This, a million times. I love Helm, but Vital utterly thrashes it. If you do any sort of music in any capacity, you owe it to yourself to have it in your VST folder.
If you've ever been curious about stepping into music but don't know where to start, this is it. It's dead simple to understand and starts at the ground-level, working your way up to a functional understanding of harmony and rhythm.
I love this! The in-browser synthesis here was a big inspiration for my side-project (https://noise.sh, spreadsheet for sound design). The WebAudio spec actually makes much of this trivial.

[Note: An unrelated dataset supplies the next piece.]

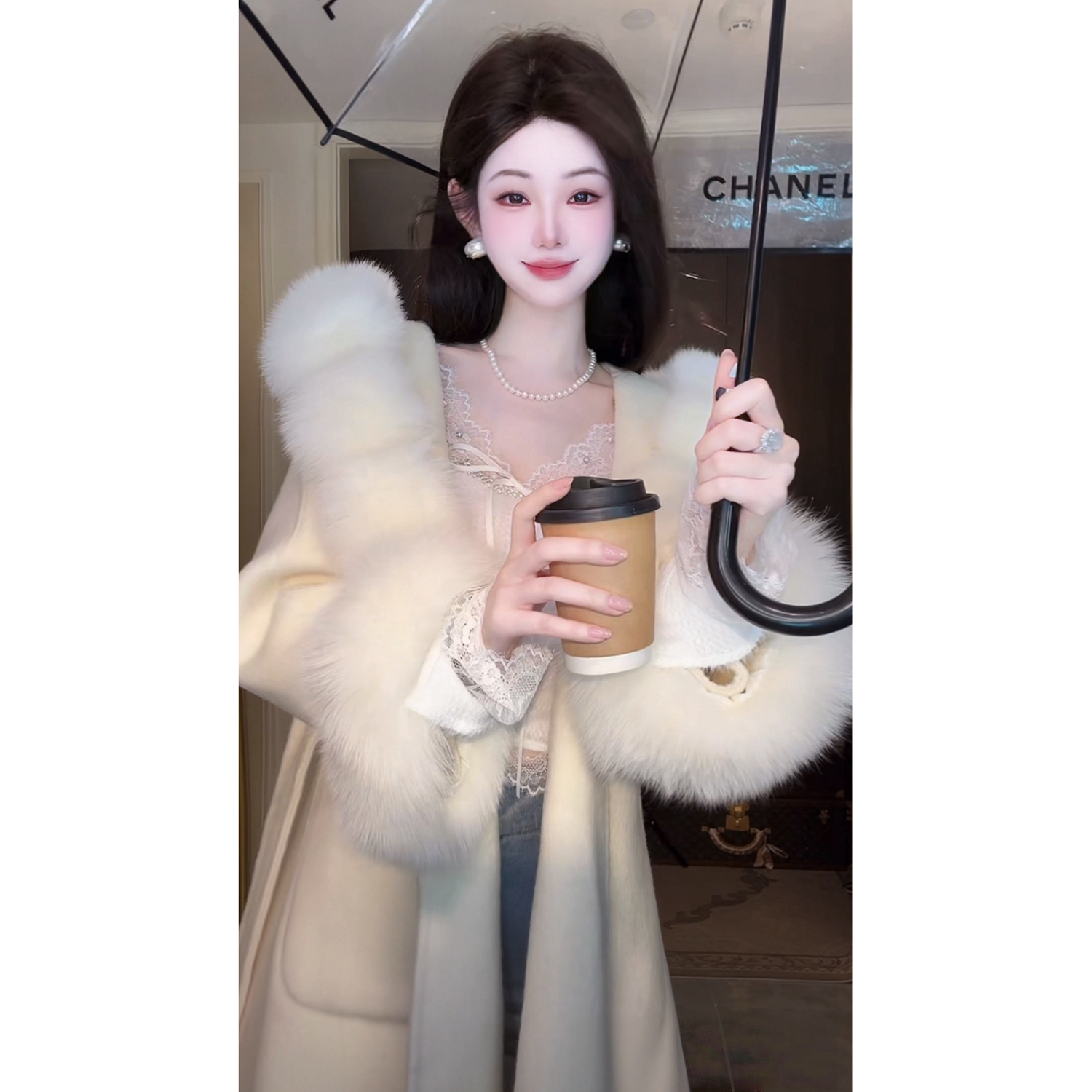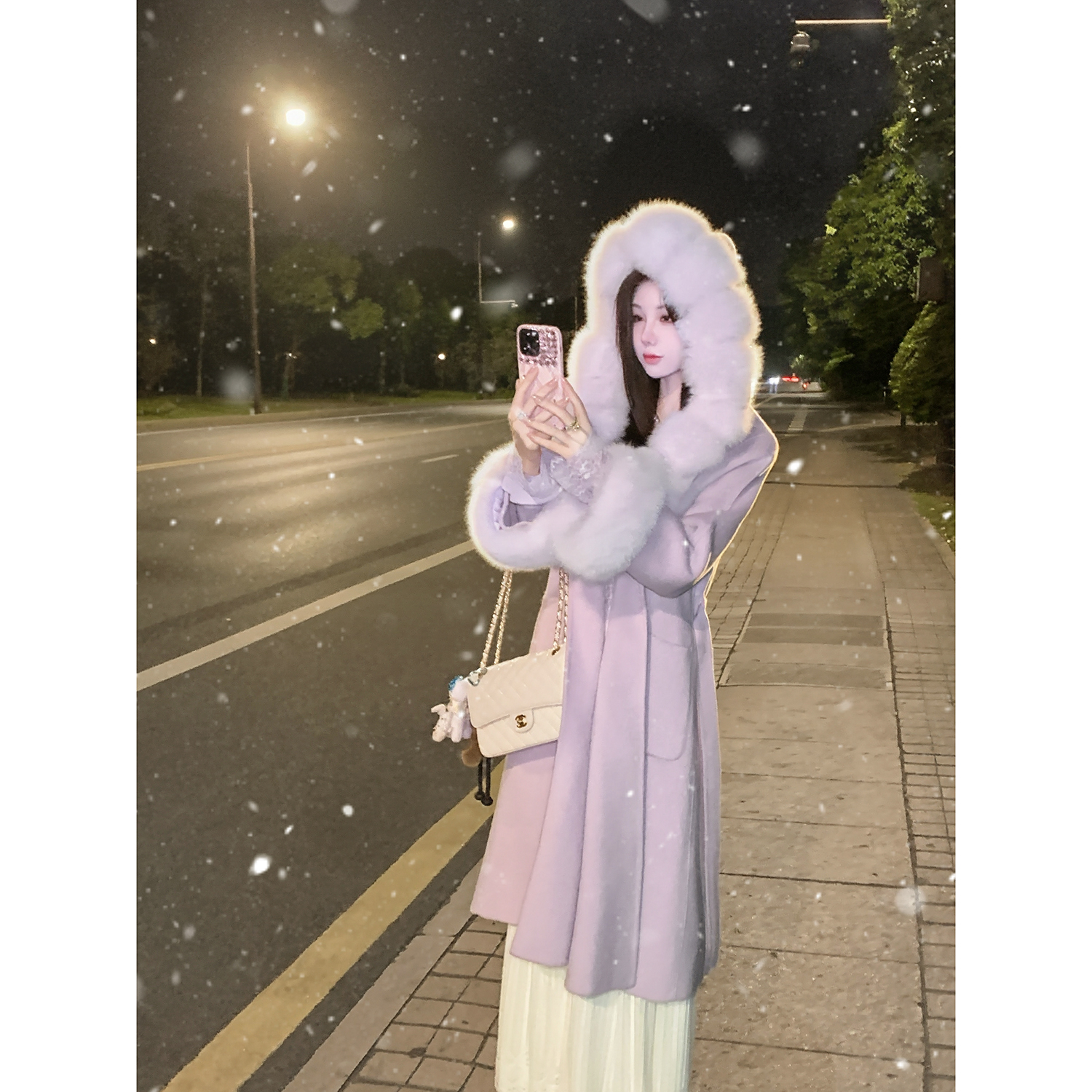 雅乔【依恋】秋冬长袖中长款狐狸毛领连帽双面呢羊毛大衣外套女
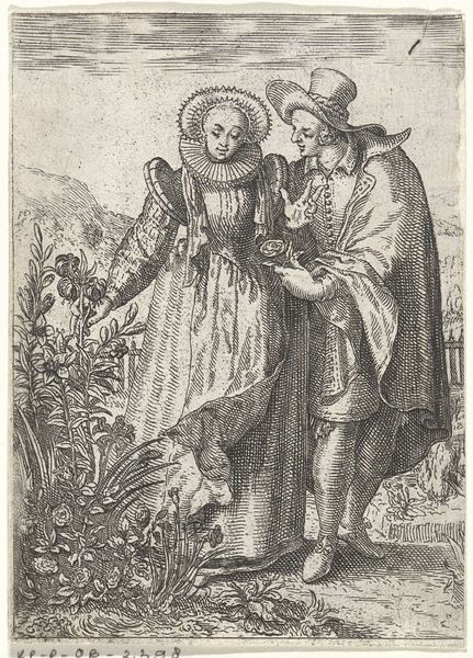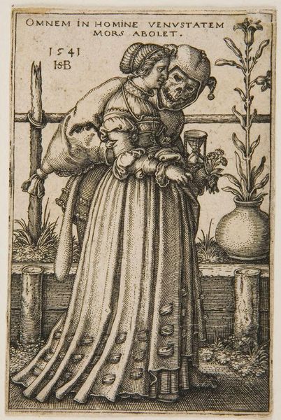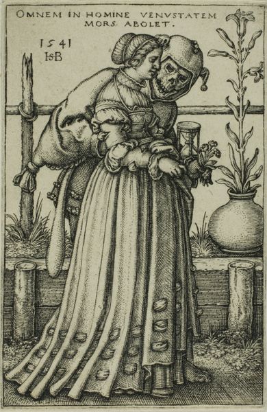 Editor: Here we have Sebald Beham's "The Lady and the Fool," created around 1540 as a print. It’s striking how much detail he manages to pack into such a small space. The scene feels intimate, yet there's also something slightly melancholic about the woman's posture. What do you see in this piece, considering its historical context? Curator: The melancholic mood is precisely what captures the spirit of the era, isn't it? Look closely at the symbols. The fool, often a figure of entertainment, here seems almost burdened, weighed down. Flowers, though beautiful, can also represent fragility and the fleeting nature of beauty and life. Note also that she is holding a bouquet of forget-me-nots; what cultural associations might a Renaissance audience make from this choice of flower? Editor: Are you suggesting the image goes beyond a simple depiction of courtship or leisure? Curator: Absolutely. Consider the period: The Reformation was challenging established social orders. The image might represent a commentary on the transience of earthly pleasures and the folly of attachment. Look at the garden setting itself – a confined space. It symbolizes a limited world. The woman's downcast gaze and the fool’s posture suggests introspection and maybe a sense of confinement within societal expectations or personal limitations. Editor: I see. So, the fool and the flowers aren’t just decorative elements but loaded symbols that invite a deeper reading of the print? Curator: Precisely. Beham provides the viewer of 1540 a narrative filled with signs which encourage greater thinking of the state of European society. How can an artist present these sentiments through an arrangement of line, form, and subject? What ideas will still resonate 500 years later? Editor: I never would have thought of it that way! Now the print appears a lot richer and more profound than I first believed. Curator: It is rewarding to unlock that knowledge and learn that every piece has some type of symbology that reflects an artist's perspective of cultural memory and continuity.

When there is so much improvements needed in Ableton I don't feel easy about them procrastinating in such directions. It's a great toy, but they seem to be overly focusing on luring beginners in, while abandoning professionals. Those people will start their journey with Ableton only to become frustrated that their DAW of choice doesn't do many basic things other DAWs do.
How many years did we have to wait for comping?
Really impressed with Ableton continuously creating easy-to-use / easy-to-learn music tools for 2 decades by now. Spent so many hours experimenting in Ableton when I was in high school, already more than a decade ago. Which indirectly taught me a lot about electronics, computers & programming.
+1 for VCV rack, but it's really only useful when you know exactly what you need. I still lose my mind over inconsequential stuff like linking my envelope to my VCA, or mixing up some routing in a massive project.
It's a modular synthesizer emulator with a ton of free modules available - it's very useful for all sorts of sound design and experimentation when you don't know anything at all about what you want. Sometimes I will spend an hour just to learn something totally new about a module, or re-arrange module orders and get a different sound, etc, or experiment with a new idea with no particular song or goal in mind.
You have limitless 'room' in your case - I would recommend thinking of modules in blocks as if each group was a small synth with a goal - these modules are your drone, those modules are your lead, those modules handle percussion, etc. It also greatly simplifies thinking about routing between these groups. If you want to sync two groups of modules you need to figure out what's acting as the clock for both groups and make sure its the same or synced, etc.
There are modules that let you leave notes and put labels on things as well, so you can remember what you were trying to do and what was plugged where.
I love it. I would guess I spend 3x as long in VCV rack just trying new things out as I do with a particular goal in mind, and its all productive time.